Yes, Patisserie Peaks is about to close. This does not mean that it will go away




For more than two decades, Cheryl Wakerhaus’s Pix Pâtisserie has supplied sweet-toothed Francophile Portland lovers with “real” French pastries: macarons – before their rise to ubiquitous existence (“nobody knew what they were”) – and custards in terra-cotta cazuelas stocked Her pastry tray in different locations.

But Wakerhauser has always provided more than just pastries. Yes, there is a reputable wine list, tapas and vibes galore at Pix, but it all combines in its own little world. Pix is ​​greater than the sum of its parts — and the parts are pretty good.

Since we’re referring to Portlanders who were born and raised with terms like “one of those rare unicorns,” not many were around throughout the entire Pix story. While we collect this isn’t the end of Pix, it’s a notable turning point. With it nearly hibernating (with its vending machines stocked 24/7) and the Wakerhauser embarking on some round-the-world trips, it seemed like it was time to take a look back.

Pix, like many of Portland’s top food communities, kicked off at the Portland State University Farmers Market on Saturday. The Wackerhauser business started when she was 25, and has evolved with her — and Portland — through the rise of the hipster. The foodie revolution has revolutionized several cycles of baggy, skinny pants that swing in and out of style and back again. Post-farm market stall Wakerhauser first set up shop on North Williams Street, an ambitious dream founded on credit cards. The self-described “twisted” spot has laid its roots for what is now a haven for foodies in North Portland, including the likes of Eem, XLB, and Vietnamese newcomer Lúa. And for the past 21 years, Pix has always repeated itself.

In 2012, things got a bit more serious. Moving to the current Burnside site, Wakerhauser struck a deal with herself: “If I’m going to build a whole on this, I have to use it for 10 years. And so, the day I opened the door here, [I said to myself] “We’ll do this for another 10 years, and then we’re done.” And she keeps her word – kind of (“I’d be bored if I ‘retired’).

The epidemic brought a new jerk – Pix-O-Matic. “It’s Shoppertron 431,” she says. The 24-hour refrigerated vending machine stocked with its classic French pastry was an idea that had lurked in Wackerhauser’s mind for years. The COVID-related labor shortage gave rise to this bizarre adventure, and it caused quite a stir: “It cost me $3,400 and paid for itself in three days,” she says. And like everything Wakerhauser does, Pix-O-Matic wasn’t just about food. Besides your pasta fix, you can have everything from chewy chicken to a French beret, a can of smoked Spanish mackerel or a French Suisson sauce; This week, the Golden Girls mug can be seen spinning around the old, refurbished machine.

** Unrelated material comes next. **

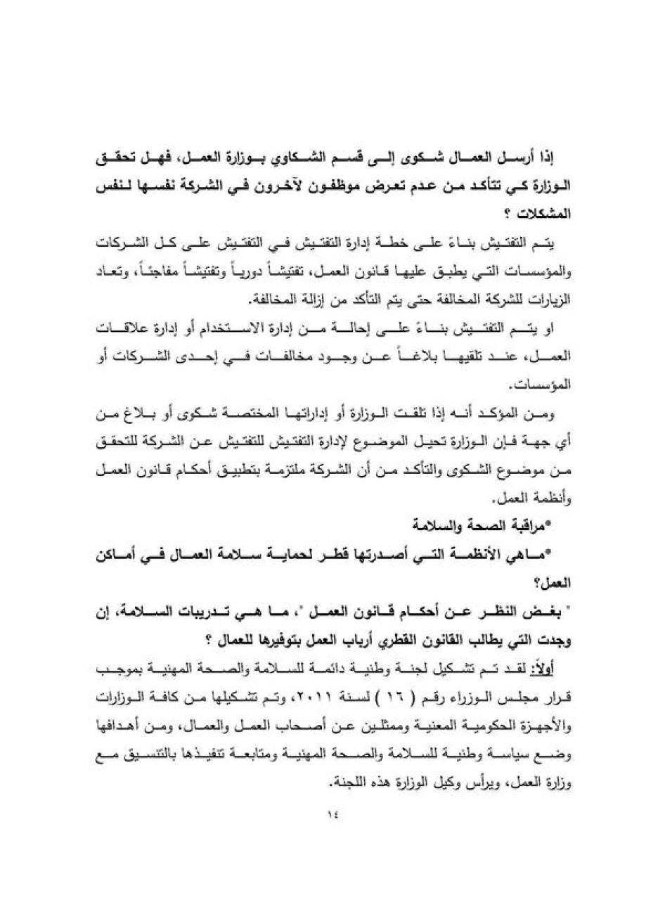 [172] رسالة من وزارة العمل القطرية، 1 نوفمبر/تشرين الثاني 2011، ص 11.

Like many in the show business, Wackerhauser has long spoken about the retreat: “If you know me, it’s no surprise.” On August 22, I will (officially) Retires. In keeping with Pix’s legacy, there will be many evenings leading up to its last day: there are still seven”movies at duskTo attend—with tickets ($8), garden beer and wine offerings from classics like Ferris Bueller’s Day OffAnd the And finally , Emily, The one who gives his name to the signature of the pastry candy. (This last check is true, but unfortunately, it’s already sold out, but you can still get an “Amélie,” a chocolate mousse and orange cream garnished with caramel hazelnuts and crunchy praline.)




On the last three Fridays of August, Bar Vivant, the tapas bar next door, will host a direct ticket ($18) flamenco shows.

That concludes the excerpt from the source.